After enjoying a record-breaking box office opening for a foreign film, Bong Joon-ho’s Parasite might very well be the best film of the year. Following a unanimous Palme d’Or win at the 2019 Cannes Film Festival and a limited release in New York City and Los Angeles, Parasite is now showing in theaters across the country.
The film revolves around the relationship between the Kims, a down-and-out family of gig-economy and service-job workers, and the Parks, a wealthy family living in a former architect’s stately mansion. After falling into an English tutoring job for the Park family’s daughter, Ki-woo Kim’s (Choi Woo-shik) family finds ways for each member of their family to take on a job in the house while hiding the true nature of their familial bonds. The title Parasite seems to be a reference to the Kim family’s “leeching” of the rich Parks’ money through a series of hijinks and deception. At the same time, as the movie progresses and the Kims pull off their elaborate heist, it is increasingly clear that this is, in some ways, a codependent leeching, wherein the rich are unable to facilitate their own existence outside of the labor of the less fortunate.
Beyond this relationship and without revealing too much, the movie also questions the implications of fortune for each family. While the Parks are unscathed by economic relationships, environmental catastrophe, and personal struggles, the Kims are constantly digging their nails in, becoming more and more acutely aware of the extreme precariousness their momentary success relies on. The movie is a potent reminder of one of the fundamental conditions of contemporary capitalism––in a world of ever-widening stratification and inequality, there is always somebody below you, ready to grab your spot in the middle class.
As the movie digs into a complex web of familial and class relationships, it is simultaneously visceral and in-your-face while maintaining a hyper-neurotic attention to detail. Blood, urine, and sewage water flow freely alongside shots of perfectly manicured flora and carefully prepared fruit plates. The climax of the movie is as small as a wrinkle of the nose. This diligent attention to detail can be attributed to Joon-ho’s directing style, which includes detailed comic-like storyboarding and no coverage. The cast, while not star-studded to an American audience, includes veteran Korean actors including Joon-ho’s frequent collaborators Song Kang-ho and Choi Woo-shik.

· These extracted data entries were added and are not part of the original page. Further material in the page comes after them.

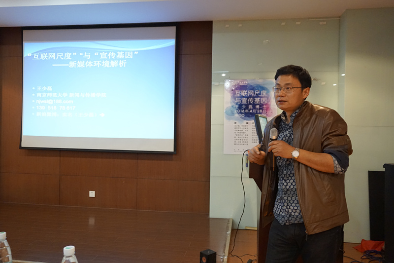 讲座伊始,王博士就“宣传”“基因”、“互联网尺度”等关键概念进行了学术解读,并引用现代网络传播中的生动案例进行深入分析。随着数字技术、通讯技术等不断发展,新闻宣传工作受到的挑战越来越大,媒介融合要求越来越高。在受众信息需求和信息获取途径已发生改变的今天,新闻宣传叙述也要做出相应的跟进、调整和适应。随后,王老师围绕互联网时代独具的特点,指出新闻宣传工作者适应互联网带来的新的传播语境和话语方式,并学习互联网传播所具有的即时互动、无远弗届、实时传播等特点,同时也分析了在互联网时代新闻宣传工作者可以开拓的业务空间。讲座期间,王老师列出了许多生动的图片和网络视频供现场老师和同学们学习思考,让人印象深刻。
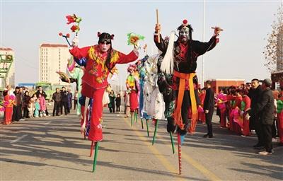 春節(jié)前夕高莊戶村村民進(jìn)行高蹺表演。資料照片
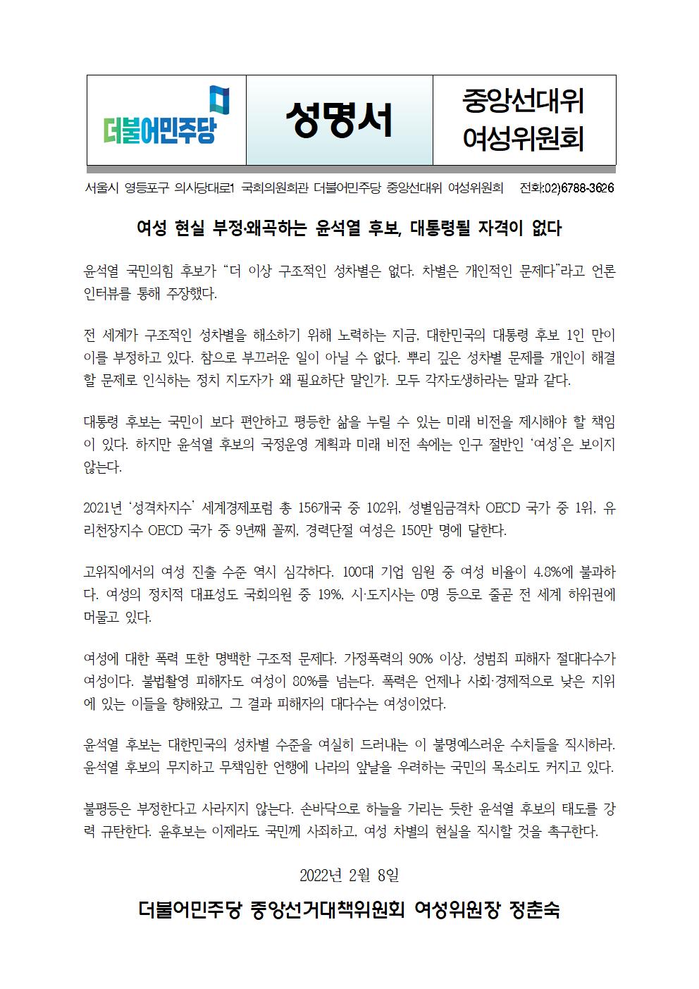 [성명서] 더불어민주당 선대위 여성위원회 여성 현실 부정 왜곡하는 윤석열 후보 대통령될 자격이 없다
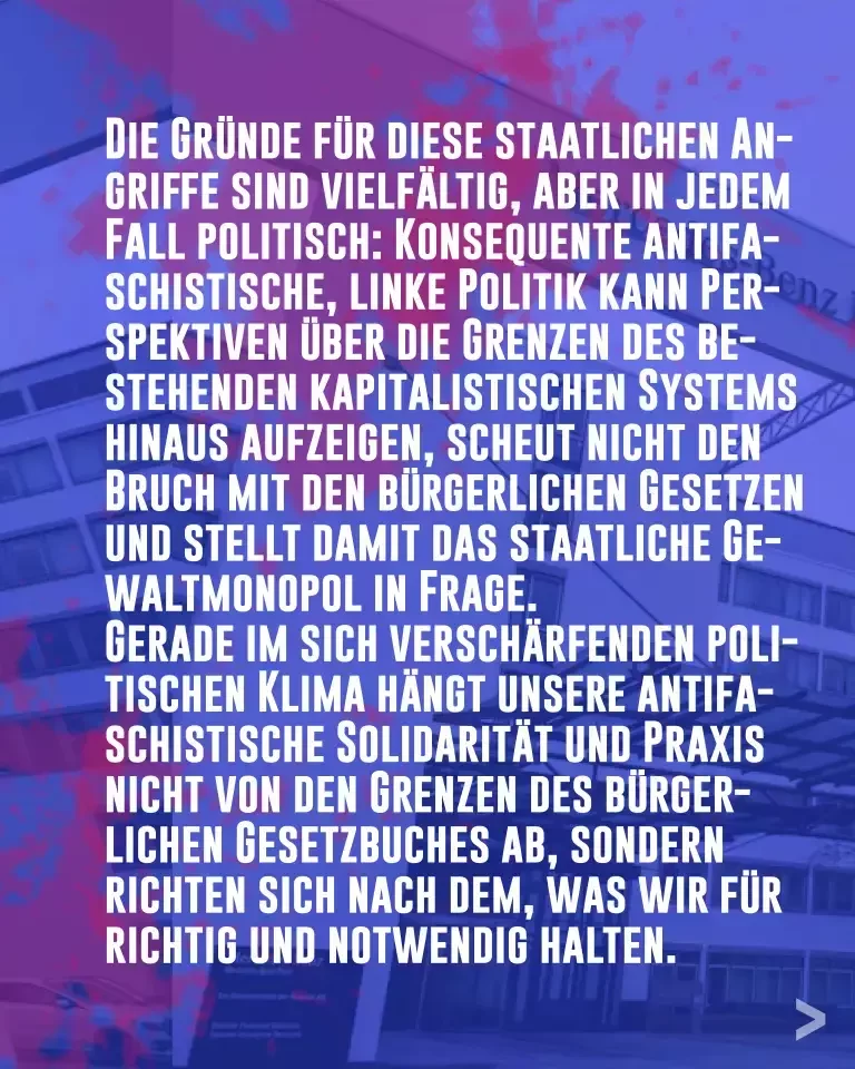 Die Gründe für diese staatlichen Angriffe sind vielfältig, aber in jedem Fall politisch: Konsequente antifaschistische, linke Politik kann Perspektiven über die Grenzen des bestehenden kapitalistischen Systems hinaus aufzeigen, scheut nicht den Bruch mit den bürgerlichen Gesetzen und stellt damit das staatliche Gewaltmonopol in Frage.
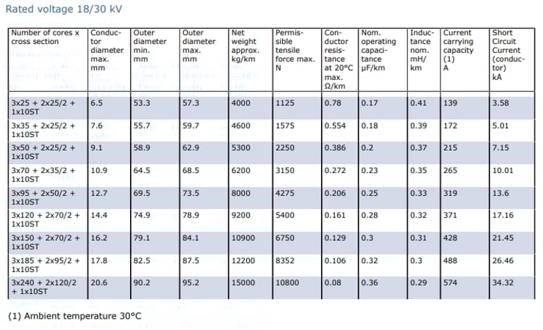 18/30 kV, 20.8/36 kV, 27/54 kV, 43 kV |
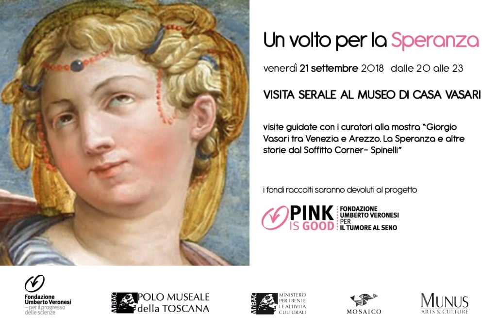 I fondi raccolti mediante le quote di partecipazione alla serata (12.50 euro a persona, di cui 2,50 euro per il biglietto di ingresso e 10 euro di donazione per la ricerca scientifica) saranno devoluti a Pink is Good, Progetto di Fondazione Umberto Veronesi volto a sostenere la ricerca contro il tumore al seno e promuovere la prevenzione. Grazie a Pink is Good, a partire dal 2013, vengono finanziate borse e progetti di ricerca per medici e scienziati che hanno deciso di dedicare la loro vita alla studio ed alla cura del tumore al seno. «Sono molto grata al dottor Stefano Casciu, Direttore del Polo Museale della Toscana, all’architetto Rossella Sileno, Direttore del Museo di Casa Vasari ed al Gruppo Mosaico per la disponibilità e sensibilità dimostrata verso Fondazione Umberto Veronesi e per l’impegno profuso nella realizzazione di questa serata», afferma Laura Carlini, Responsabile della Delegazione di Arezzo.

The film has a distinctly Korean flavor––Korean cinema has a standing history of drawing attention to what some have labeled “dirt spoons” and “gold spoons,” or the visible and growing gap between the “haves” and the “have-nots.” This visible gap is driven home through an immaculate use of production design, from a tongue-in-cheek made-up Korean dish called “ramdon” to the way various lights are used throughout the movie to symbolize the resources available to a character at any given moment. The movie is at its strongest when it outlines the anatomy of these class distinctions, and at its weakest when it chooses instead to delve into individual character’s emotional or romantic obligations.

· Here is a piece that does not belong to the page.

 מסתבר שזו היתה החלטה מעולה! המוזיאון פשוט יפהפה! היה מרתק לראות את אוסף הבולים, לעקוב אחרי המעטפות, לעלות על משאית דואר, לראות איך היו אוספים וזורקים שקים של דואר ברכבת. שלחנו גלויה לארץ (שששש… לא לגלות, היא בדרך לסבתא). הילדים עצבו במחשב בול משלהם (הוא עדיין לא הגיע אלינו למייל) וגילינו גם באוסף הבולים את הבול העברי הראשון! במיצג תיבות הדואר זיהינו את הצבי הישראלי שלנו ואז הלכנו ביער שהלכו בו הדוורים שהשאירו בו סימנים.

As it digs through the ever-expanding series of traumas and complexities embodied by the ensemble cast, the movie refuses neat genre categorization. Instead, it picks and chooses genre conventions from horror, comedy, and thriller movies that make even a bloody massacre seem tongue-in-cheek or cause a scene of familial solidarity to be laced with suspense. This slippage between lighthearted wry comedy and dramatic catastrophe drives home the scalar effects of poverty and exclusion. The laughter permeates the characters’ deepest traumas and hopes while they dream of escaping this twisted, parasitic system.
Parasite is currently showing at Chicago’s ArcLight Cinemas, AMC River East 21, Landmark’s Century Centre Cinema, and ShowPlace ICON Theatres at Roosevelt.